Excerpts from a dataset:

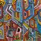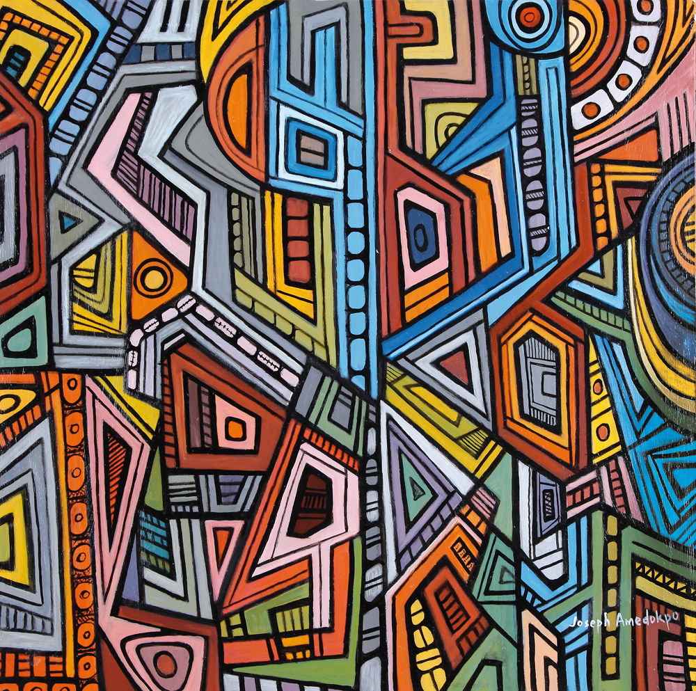 JOSEPH AMEDOKPO Vogan (Togo) 1946 An ancient African Kingdom olio su tela di sacco cm.70x70, firma in basso a destra, titolo al retro, certificato della Luca Sforzini Arte allegato.
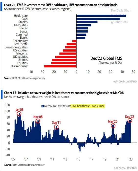 Il posizionamento dei gestori rimane robusto verso i settori meno ciclici come il farmaceutico e i consumi al dettaglio, i quali si sono ben comportati nel 2022.
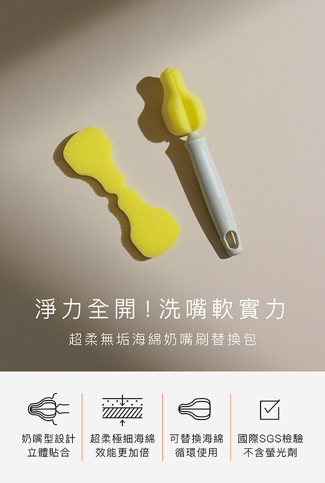 •本產品僅適用於超柔無垢海綿奶嘴刷。
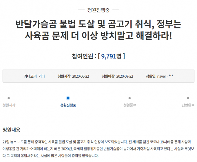 동물자유연대 "정부가 나서서 보호시설 마련해야" 코로나19 예방에 도움이 된다며 반달가슴곰의 웅담을 판매한 농가가 최근 적발됐다. 웅담을 채취하고 판매해서가 아니었다. 웅담이 아닌 다른 부위를 취식했다는 이유에서였다. 도축 방식에서도 불법 소지가 있었다. 한국에서는 국제 멸종위기종인 반달가슴곰의 웅담을 채취하고 먹는 것이 가능하다.
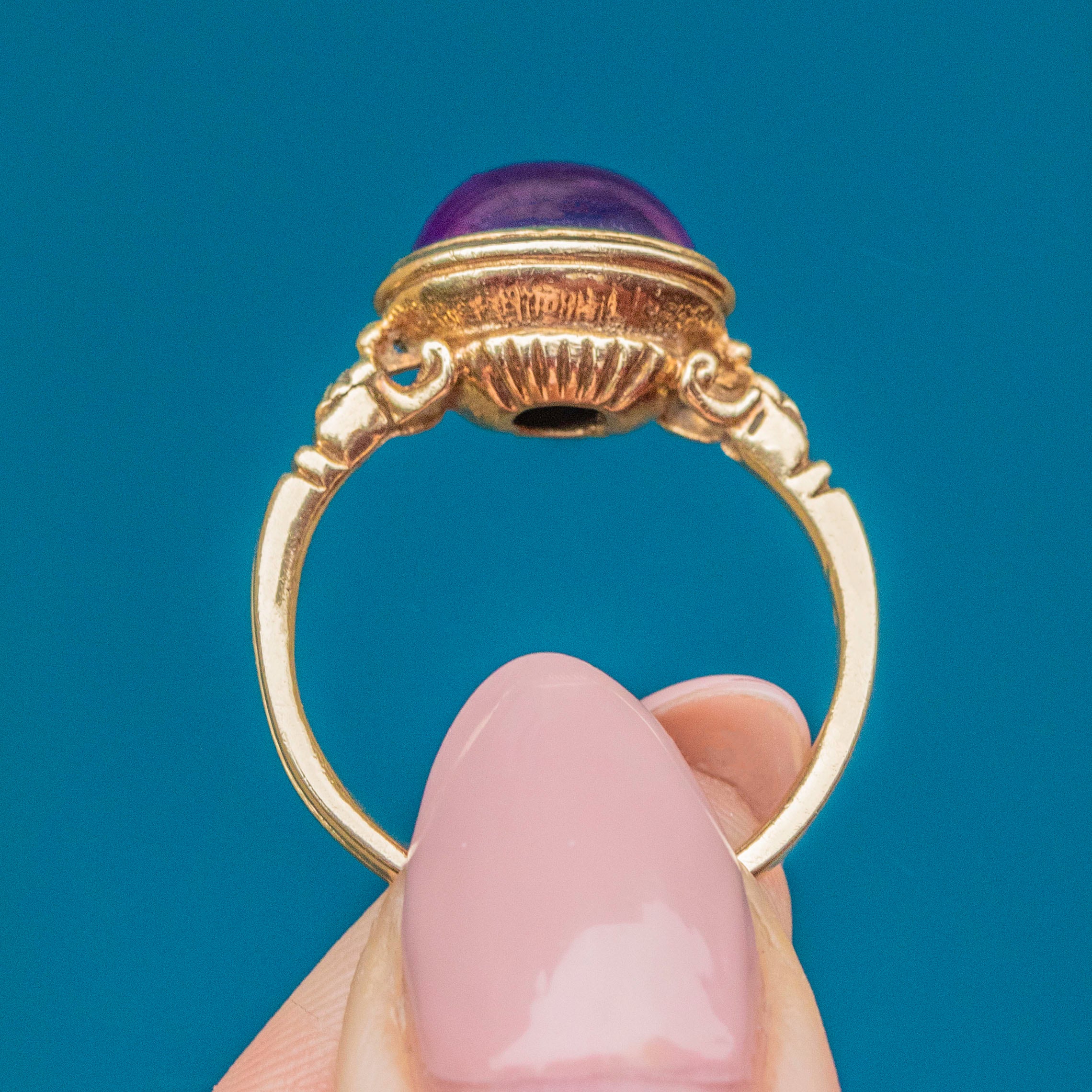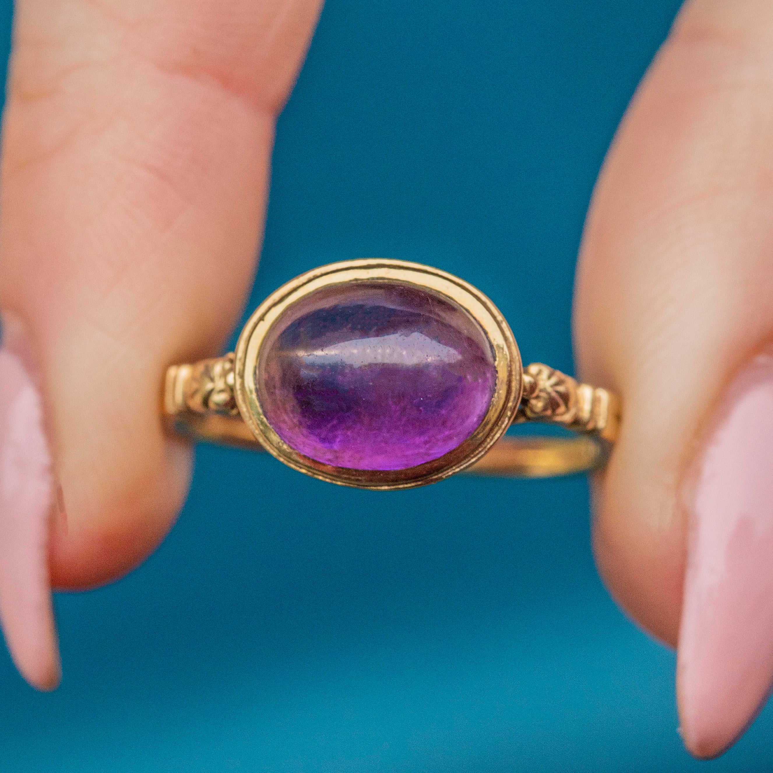 This 9ct Gold Georgian style Amethyst cabochon ring takes heavy inspiration from the 18th century. Flaunting a smoothly cut foiled 2.55ct Amethyst cabochon, this vintage Amethyst ring emits a violet glow with flashes of lilac.
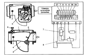 1 — обводной канал, 2 — измерительная заслонка, 3 — демпферная камера, 4 — пластина демпфера, 5 — потенциометр, 6 — винт качества (состава) смеси холостого хода, 7 — датчик температуры, 8 — контакты топливного насоса
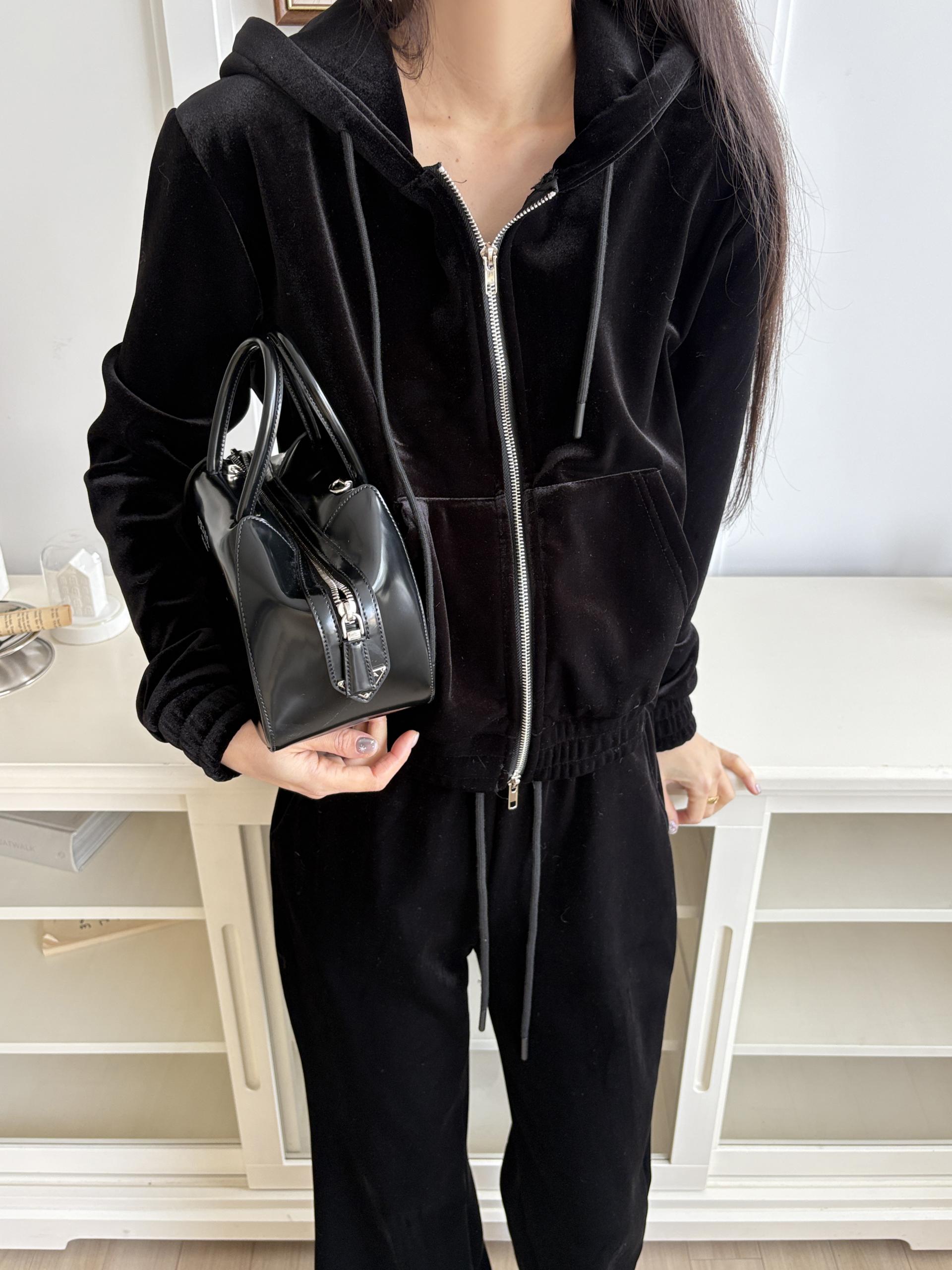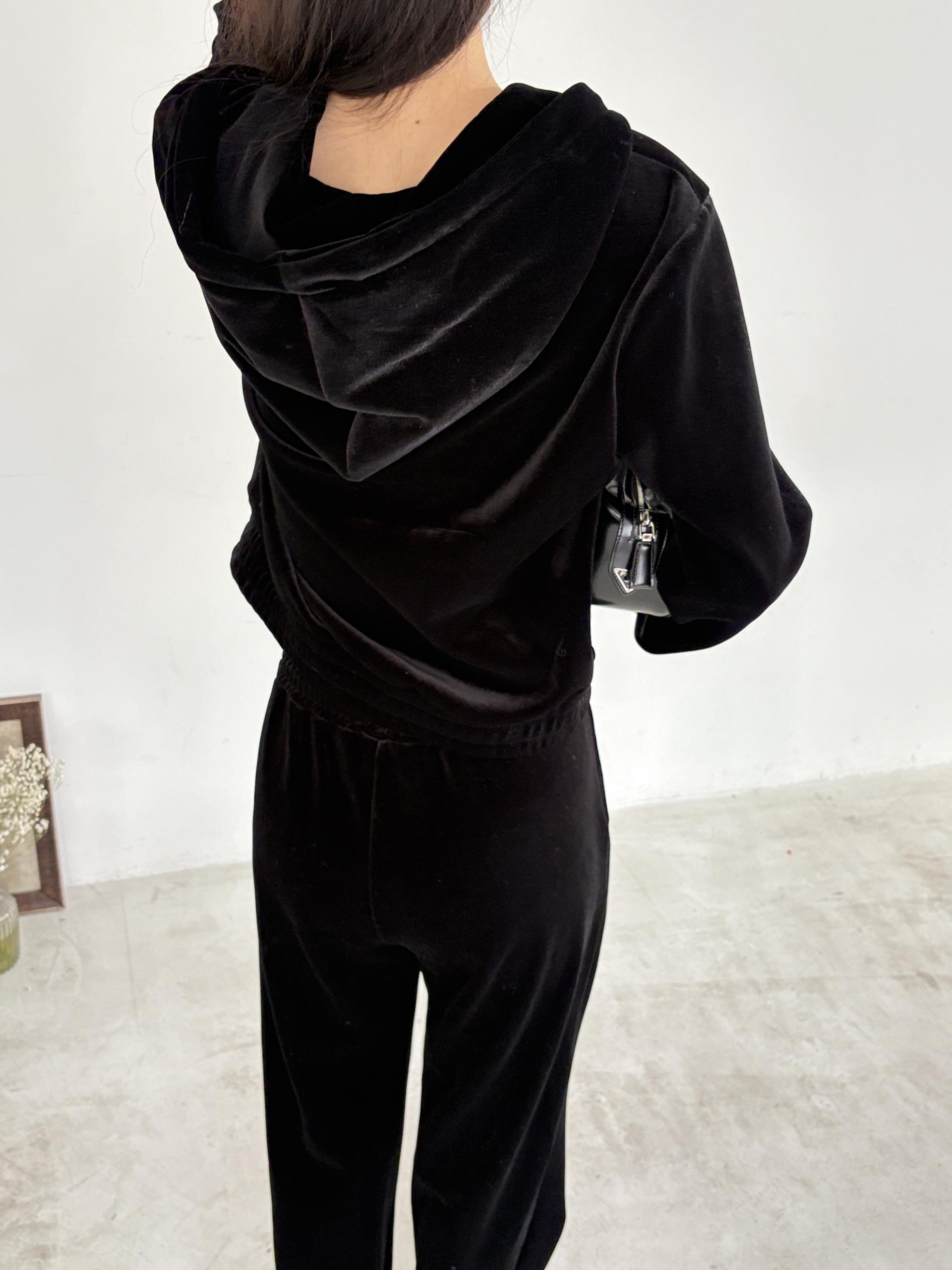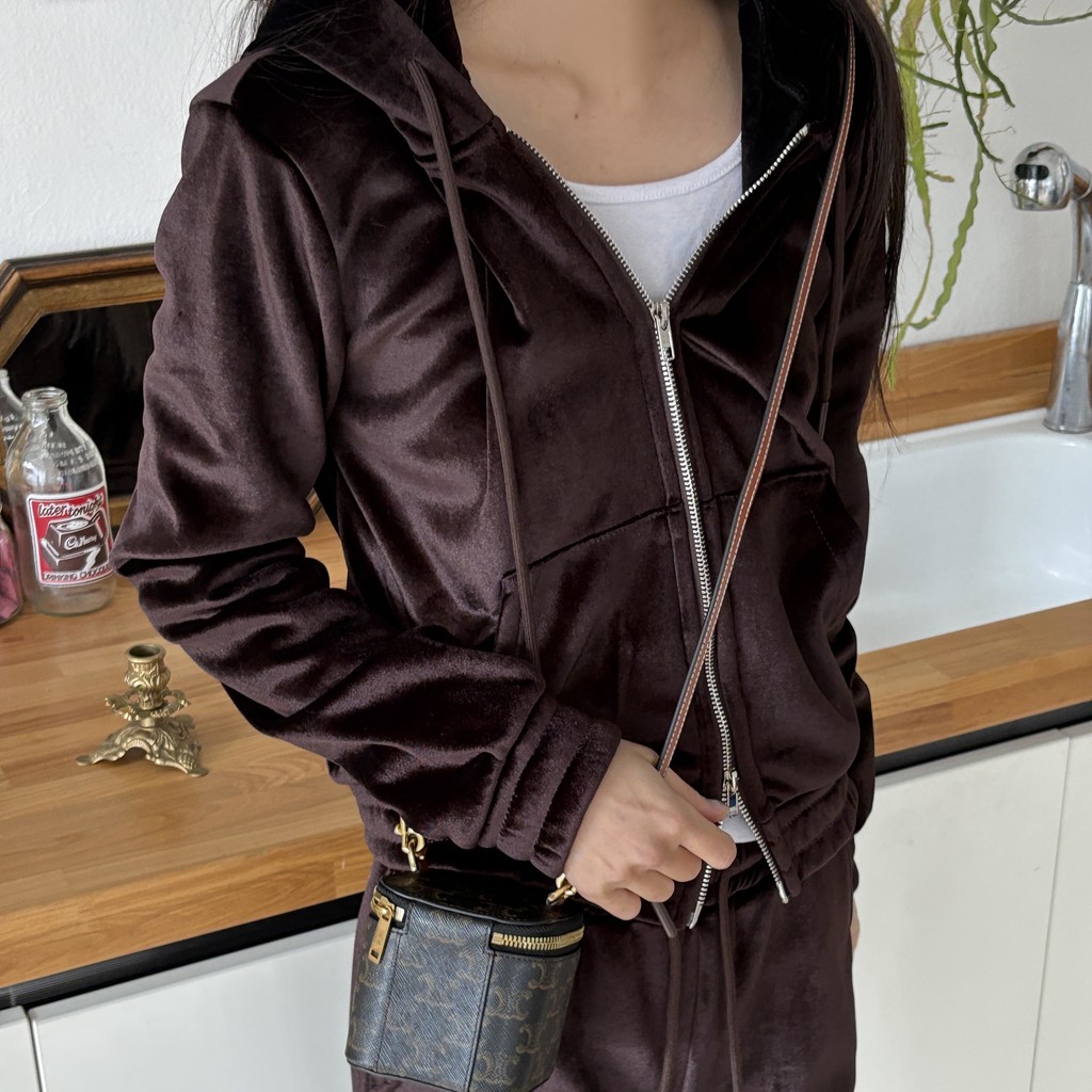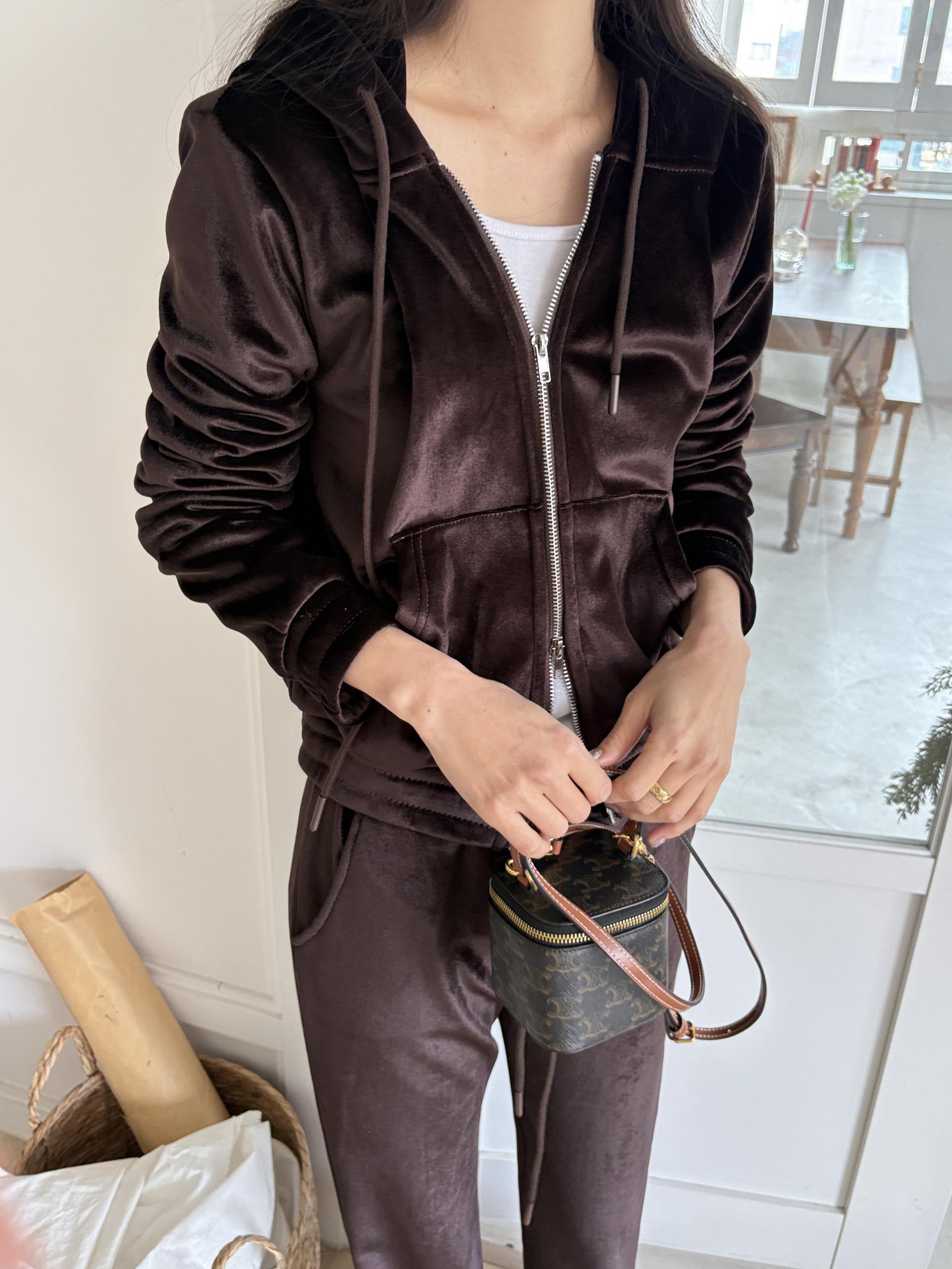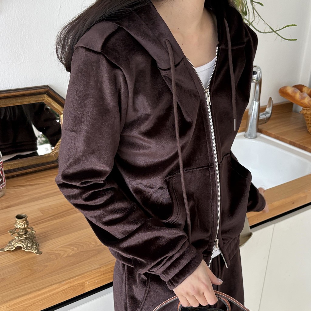 부드럽게 흐르는 벨벳 소재로 제작된 후드 집업입니다.
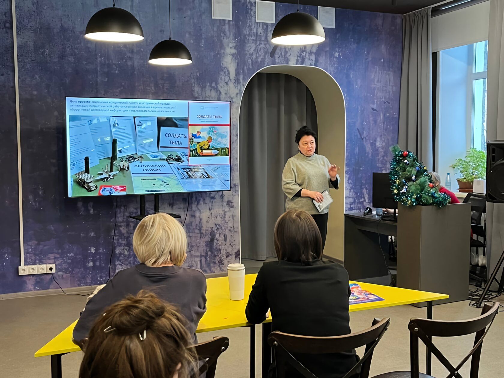 - Заведующий отделом обслуживания ЦРБ им. П. П. Бажова Ю. Г. Мартынова рассказала о проекте «Солдаты тыла». В своём выступлении раскрыла все этапы реализации: от идеи до выпуска сборника путеводителей по Ленинскому району военного периода.
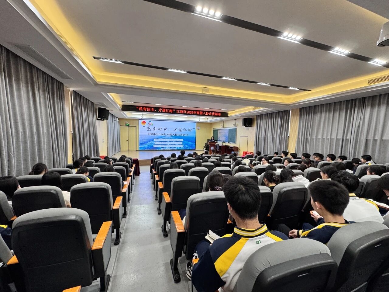 为扎实推进人才倍增工程,营造“家乡广纳英才,英才反哺家乡”的良好氛围,1月28日,团区委联合区委组织部、区教育局、区大学生成长促进会在外海中学举办2026年“邑青回乡,才聚江海”寒假入校宣讲活动,江海籍优秀大学生与200多名外海中学高三学子齐聚一堂,以青春之声传递成长力量,用榜样之光点亮少年追梦之路。

Try it: Set the records down again word for word; the pictures stay out.

Solution for this task:
 JOSEPH AMEDOKPO Vogan (Togo) 1946 An ancient African Kingdom olio su tela di sacco cm.70x70, firma in basso a destra, titolo al retro, certificato della Luca Sforzini Arte allegato.
 Il posizionamento dei gestori rimane robusto verso i settori meno ciclici come il farmaceutico e i consumi al dettaglio, i quali si sono ben comportati nel 2022.
 •本產品僅適用於超柔無垢海綿奶嘴刷。
 동물자유연대 "정부가 나서서 보호시설 마련해야" 코로나19 예방에 도움이 된다며 반달가슴곰의 웅담을 판매한 농가가 최근 적발됐다. 웅담을 채취하고 판매해서가 아니었다. 웅담이 아닌 다른 부위를 취식했다는 이유에서였다. 도축 방식에서도 불법 소지가 있었다. 한국에서는 국제 멸종위기종인 반달가슴곰의 웅담을 채취하고 먹는 것이 가능하다.
 This 9ct Gold Georgian style Amethyst cabochon ring takes heavy inspiration from the 18th century. Flaunting a smoothly cut foiled 2.55ct Amethyst cabochon, this vintage Amethyst ring emits a violet glow with flashes of lilac.
 1 — обводной канал, 2 — измерительная заслонка, 3 — демпферная камера, 4 — пластина демпфера, 5 — потенциометр, 6 — винт качества (состава) смеси холостого хода, 7 — датчик температуры, 8 — контакты топливного насоса
 부드럽게 흐르는 벨벳 소재로 제작된 후드 집업입니다.
 - Заведующий отделом обслуживания ЦРБ им. П. П. Бажова Ю. Г. Мартынова рассказала о проекте «Солдаты тыла». В своём выступлении раскрыла все этапы реализации: от идеи до выпуска сборника путеводителей по Ленинскому району военного периода.
 为扎实推进人才倍增工程,营造“家乡广纳英才,英才反哺家乡”的良好氛围,1月28日,团区委联合区委组织部、区教育局、区大学生成长促进会在外海中学举办2026年“邑青回乡,才聚江海”寒假入校宣讲活动,江海籍优秀大学生与200多名外海中学高三学子齐聚一堂,以青春之声传递成长力量,用榜样之光点亮少年追梦之路。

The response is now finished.